Atomic operations on arrays #10949

OlivierNicole · 2022-01-25T15:25:13Z

Proposed changes

Atomic operations on arrays, namely:

atomic read, write, exchange
compare and set
fetch and add

These operations are in a new Atomic.Array module. These functions currently take a regular 'a array, but the interface is up for debate; it sounds reasonable to have an opaque type 'a Atomic.Array.t instead.

All modifying operations are translated as C calls. This is not optimal, but in line with the existing atomic primitives. Generation of more efficient code could maybe be seen as an improvement over this PR.

The operations have been tested for correction in non-parallel code (https://github.com/OlivierNicole/atomic_array_tests) and for sequential consistency with multiple domains, using @jmid's multicoretests library (https://github.com/OlivierNicole/multicoretests/blob/atomicarrays/src/lin_tests.ml). As expected, atomic accesses are sequentially consistent while non-atomic array accesses are not.

Notable points

This PR requires atomic doubles, and requires that they have the same memory layout as plain doubles, due to flat float arrays.

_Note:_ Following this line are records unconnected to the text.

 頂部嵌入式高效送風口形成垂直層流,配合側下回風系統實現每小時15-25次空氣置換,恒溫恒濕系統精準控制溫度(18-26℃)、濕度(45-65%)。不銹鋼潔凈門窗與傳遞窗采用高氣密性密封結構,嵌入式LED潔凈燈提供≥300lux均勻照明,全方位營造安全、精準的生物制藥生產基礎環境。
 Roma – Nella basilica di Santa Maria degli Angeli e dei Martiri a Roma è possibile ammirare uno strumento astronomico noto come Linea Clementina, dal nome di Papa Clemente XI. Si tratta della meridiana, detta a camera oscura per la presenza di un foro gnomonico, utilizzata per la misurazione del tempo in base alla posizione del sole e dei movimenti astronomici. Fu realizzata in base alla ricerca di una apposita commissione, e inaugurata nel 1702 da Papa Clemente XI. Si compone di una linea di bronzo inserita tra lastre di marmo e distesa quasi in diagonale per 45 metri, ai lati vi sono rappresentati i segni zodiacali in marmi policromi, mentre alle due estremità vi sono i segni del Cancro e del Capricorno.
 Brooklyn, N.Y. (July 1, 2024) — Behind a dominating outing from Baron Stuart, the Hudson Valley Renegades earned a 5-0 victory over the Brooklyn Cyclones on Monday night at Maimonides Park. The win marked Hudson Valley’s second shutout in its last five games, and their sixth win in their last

This can be an issue on some 32-bit architectures [ocaml-multicore/ocaml-multicore#822 (comment)]. An alternative would be to decide that arrays of atomic floats are not flat.

The diff contains a number of comments marked TODO where I kindly ask a few confirmations from the reviewers.

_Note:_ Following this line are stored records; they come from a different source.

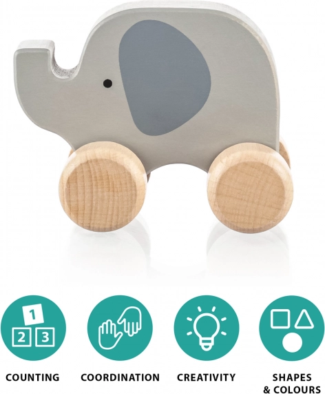 Een schattige houten olifant op wieltjes is een licht en veilig speeltje voor de allerkleinsten. Het ondersteunt de fijne motoriek, bewegingcoördinatie en creativiteit. Gemaakt van natuurlijk hout... Meer tonen
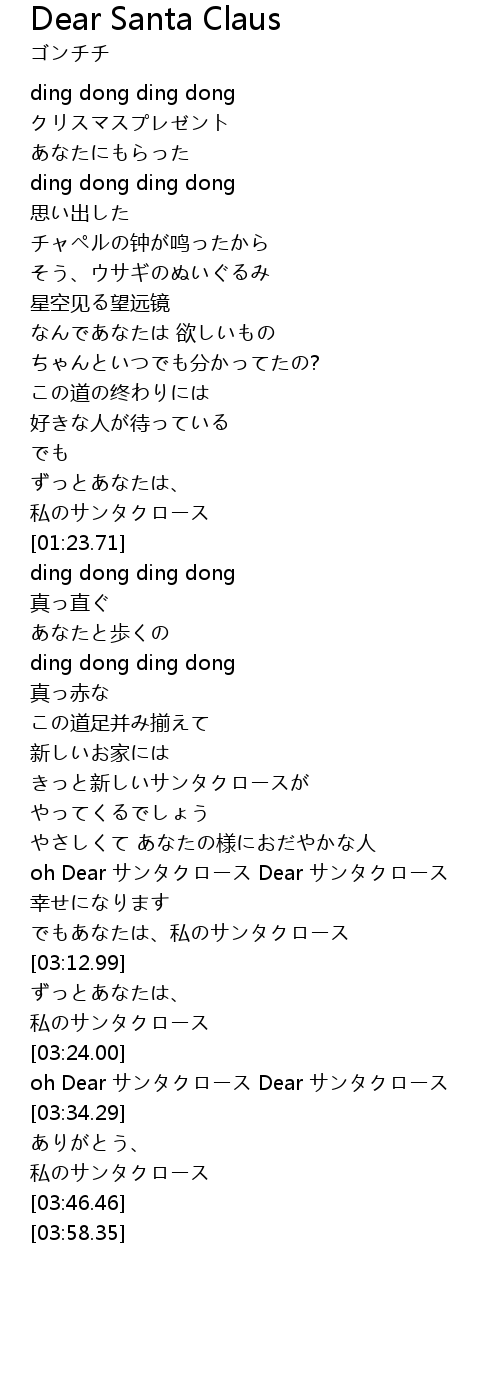 | [03:27.78] | oh Dear サンタクロース Dear サンタクロース |
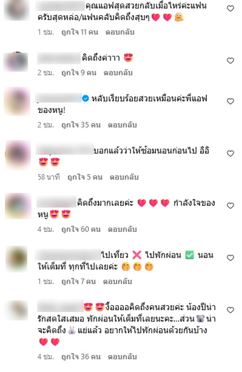 หลังจากที่เเฟนๆได้เห็นของ แอฟ ล่าสุดต่างเข้ามาคอมเมนต์แซวเพียบ อาทิ หลับเรียบร้อยสวยเหมือนค่ะพี่แอฟของหนู,555 บอกแล้วว่าให้ซ้อมนอนก่อนไป อิอิ,พร้อมนอนเสมอ หมอนซักใบไหมคะ,ตื่นมาเที่ยวด้วยนะค้าาา เป็นต้น
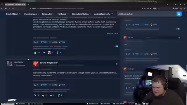 14:33:44Der Streamer schaut sich die Steam-Bewertungen für Escape from Tarkov an, die größtenteils negativ ausfallen. Kritisiert wird, dass die Server am Releasetag seit neun Stunden down sind und es nicht einmal möglich ist, ins Hauptmenü zu gelangen. Die Möglichkeit einer Geld-zurück-Option bei Steam wird erwähnt. Ein Nutzer mit nur 0,3 Spielstunden beschreibt die Situation als 'original' und schlägt vor, dass dies eine Auszeichnung für 'andere Kunden sagten auch' sein sollte. Ein weiterer Nutzer kann das Spiel immer noch nicht starten, hatte aber 'mehr Spalz als mit Abi'. Es wird sich über die schlechte Steam-Veröffentlichung gewundert. Ein Spieler berichtet von 21 Stunden 'Error 0', was als Übertreibung abgetan wird, da das Spiel erst mittags veröffentlicht wurde. Trotz bester Hardware läuft das Spiel 'wie Müll'. Der Streamer erwähnt seinen Partner Memory PC für PC-Käufe, weist aber darauf hin, dass selbst beste Hardware bei den aktuellen Problemen nichts nützt. Ein Spieler, der das Spiel seit 800 Stunden über den BSK Launcher ohne Probleme spielte, hat nach der Steam-Installation nur noch Probleme. Die Diskussion über die Steam-Bewertungen wird als ebenso unterhaltsam wie das Spiel selbst empfunden, da die Serverprobleme und die Unfähigkeit, Accounts zu erstellen oder das Spiel zu starten, sich hinziehen. Die Bugs bei den ersten Quests und die Enttäuschung über den 'Unheard Edition-Skandal' werden als Gründe für negative Bewertungen genannt. Der Streamer hätte sich eine positive Rezension gewünscht, hält den Launch aber für 'katastrophal' und vergleicht ihn mit einem Neuwagen ohne Motoröl.
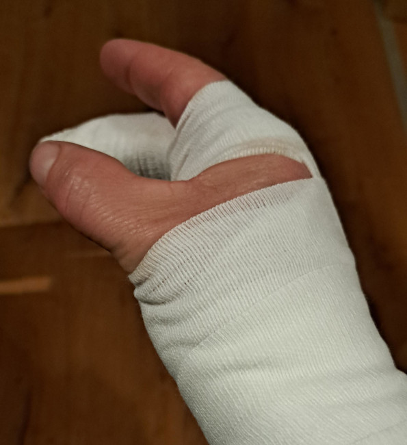 Sechs Wochen mindestens außer Gefecht gesetzt… mit einem blöden Bruch über dem Gelenk des kleinen Fingers. Rechts natürlich. So war dann der Stand der Dinge am Freitagabend. Wobei wir da noch nicht wussten, wie sehr die Ärzte mit dem Bruch hadern würden und wie oft sie nachschauen werden würden, ob sie nun operieren müssen oder nicht.

OlivierNicole · 2022-01-25T15:36:01Z

I realize that a sizeable part of the diff is about introducing new ~is_atomic flags in Cmm_helpers. This is because this PR was developed concurrently with #10943 and is related to it. These parts will be updated based on what is decided there.

Edit.: Done.

jhjourdan · 2022-01-26T13:56:41Z

We already discussed this with Glen Mével. This should be useful for implementing a concurrent non-blocking queue.

FTR, I think that using a specific type for atomic arrays would be beneficial, because we probably want the layout to be different. Indeed, it is often a good thing for performances that the various atomic cells are not in the same cache line, so that operations on contiguous atomic cells do not result in contention on the hardware. So if would probably be reasonnable to add padding to an atomic arrays so that each cell uses a different cache line.

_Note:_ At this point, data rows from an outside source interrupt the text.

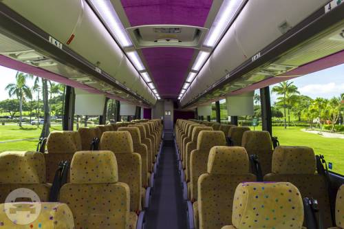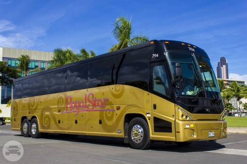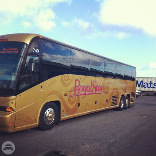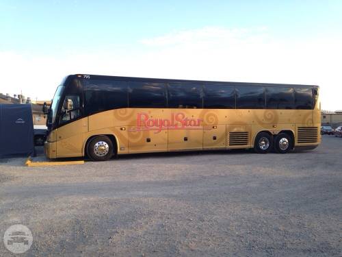 Our signature line of deluxe Gold MCI 4500 Series Motorcoach, ALL less than 5 years old (16 brand new purchased since 2012) are all greener with maximum comfort! 58 seats with onboard restroom. Signature fleet of 20 – greener and maximum comfort! Plus deluxe upgrades, like no other, including: Mint and hand towelette service. Onboard restroom Complimentary digital signage. Highest safety standards with seat belts and professional driver. Easy access with kneeling feature and wide spiral staircase. Adjustable headrest and footrest, reclining chair with designer upholstery and computerized air-conditioning for your comfort. Large and tinted windows for panoramic view. Advanced audio / DVD video system with flat screens. Large baggage bay and ample overhead storage. Michelin tires with custom hub caps. Comes with Royal Star service of professional and friendly Royal Star drivers. Wheelchair = 2
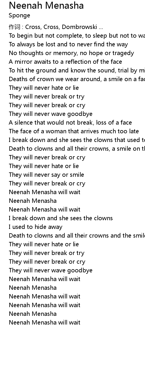 | 作词 : Cross, Cross, Dombrowski ... | |
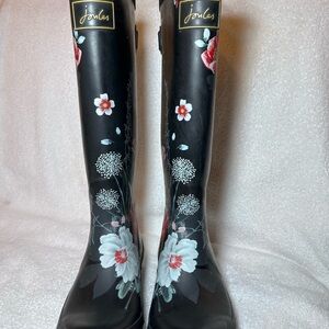 Embrace the elements with Joules' stylish black winter rain boots, designed to keep your feet dry and comfortable. These boots feature a sleek, glossy finish and a sturdy sole, perfect for navigating wet and slippery conditions. With their classic design, they are an essential addition to your winter wardrobe.
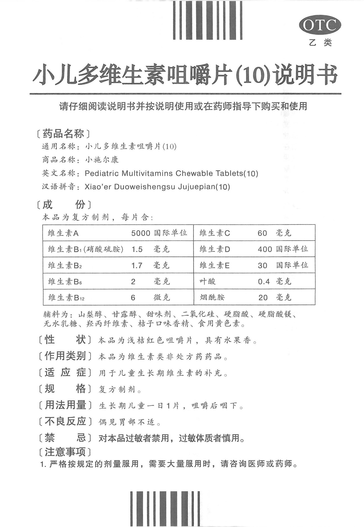 小施尔康 Педиатрические витамин жевательные таблетки (10) 30 таблетки детских витаминных фруктов аромат
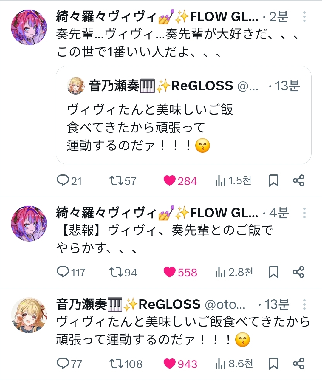 비비 : (13분 전 카나데 트윗에 인용을 걸며) 카나데 선배... 비비... 카나데 선배를 정말 좋아해요...이 세상에서 제일 좋은 사람이야...
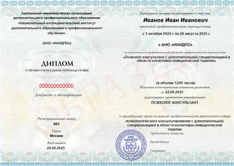 Психолог-консультант с дополнительной специализацией в области когнитивно-поведенческой терапии (1200ч)
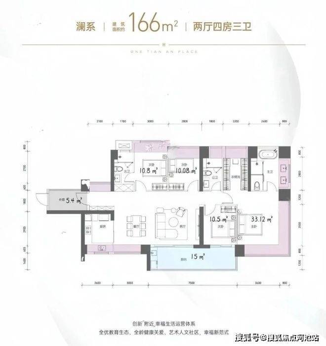 166㎡的4房2厅3卫,1栋2单元01户型,设计的是横厅南北通透格局,独门独户,赠送约5.4平的入户空间,客餐厅7.5米开间,LDKB一体化设计,五开间朝南,主卧带大衣帽间,双套间设计,分别做到了主卧33.12㎡/次卧10.8㎡/次卧10.5㎡/次卧10.08㎡(包含墙体飘窗),客厅连接次卧出7.5米长的大阳台约15平,U型厨房,卫生间干湿分离,得房率约100.24%(包含赠送),西南或东南朝向。飘窗赠送面积20.7㎡+阳台赠送7.5㎡+外廊赠送5.4㎡=实际赠送33.6㎡。
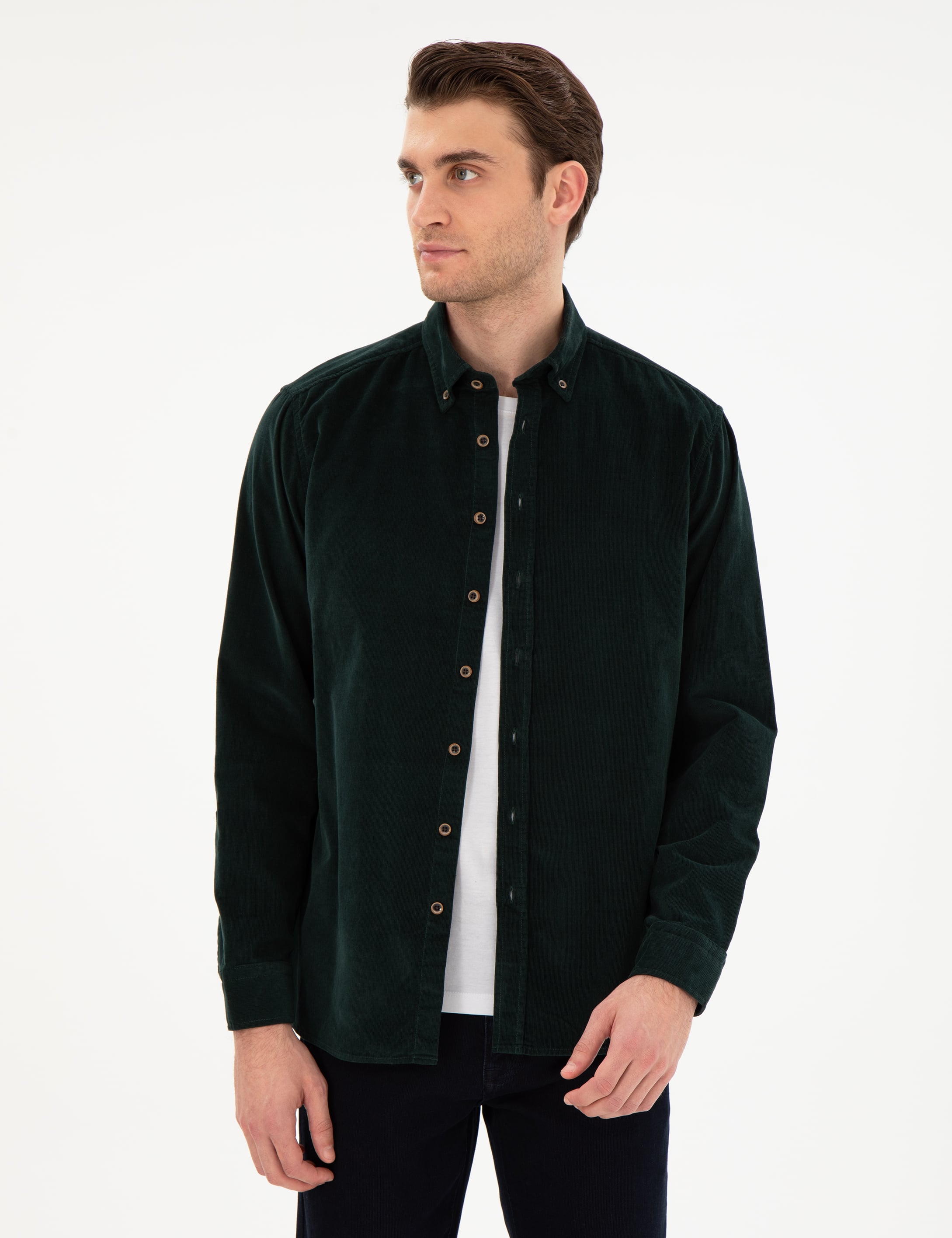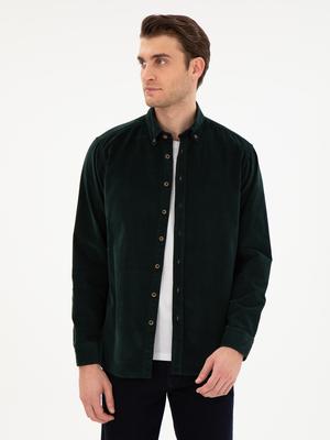 - Yeşil Regular Fit Uzun Kollu Gömlek
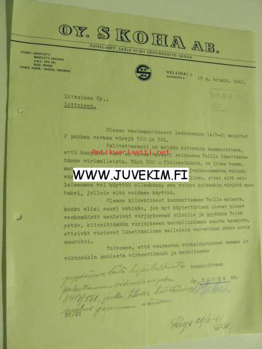 Oy Skoha Ab, Helsinki 19.2.1941 -asiakirja
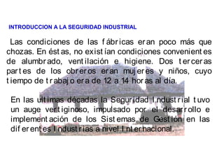 El documento describe las malas condiciones de trabajo que surgieron con la Revolución Industrial, incluyendo jornadas laborales largas de 12-14 horas al día, falta de sistemas de agua e higiene, y chozas en lugar de fábricas, lo que ocasionaba muchas muertes y lesiones. También señala que en décadas recientes la seguridad industrial ha crecido gracias al desarrollo e implementación de sistemas de gestión en diferentes industrias a nivel internacional.

OlivierNicole · 2022-01-26T14:46:51Z

Thanks for pointing this out. Is it possible to implement such a padding in a portable way?

gmevel · 2022-01-26T14:52:43Z

I indeed believe that arrays with atomic cells are a valuable feature. I’ll mention that, if it was included in the language, I’d also expect support for records with (some) atomic fields (such as: type r = { mutable atomic a : int ; mutable b : int ; c : int }). That’s more ambitious as it implies extending the surface language, and also because Atomic.t could then be refactored using that feature.

gasche · 2022-01-26T15:09:14Z

I wonder if we could support an unboxing optimization for record fields with type Atomic.t (or ref, for that matter), where the atomic block header and the argument are inlined into the record representation. This is less compact that built-in mutable fields (or built-in atomic fields), but it is also more expressive as one can refer to the field individually and pass it to Atomic.t-expecting (or ref-expecting) consumers. It is also possibly an instance of a more general unboxing transformation.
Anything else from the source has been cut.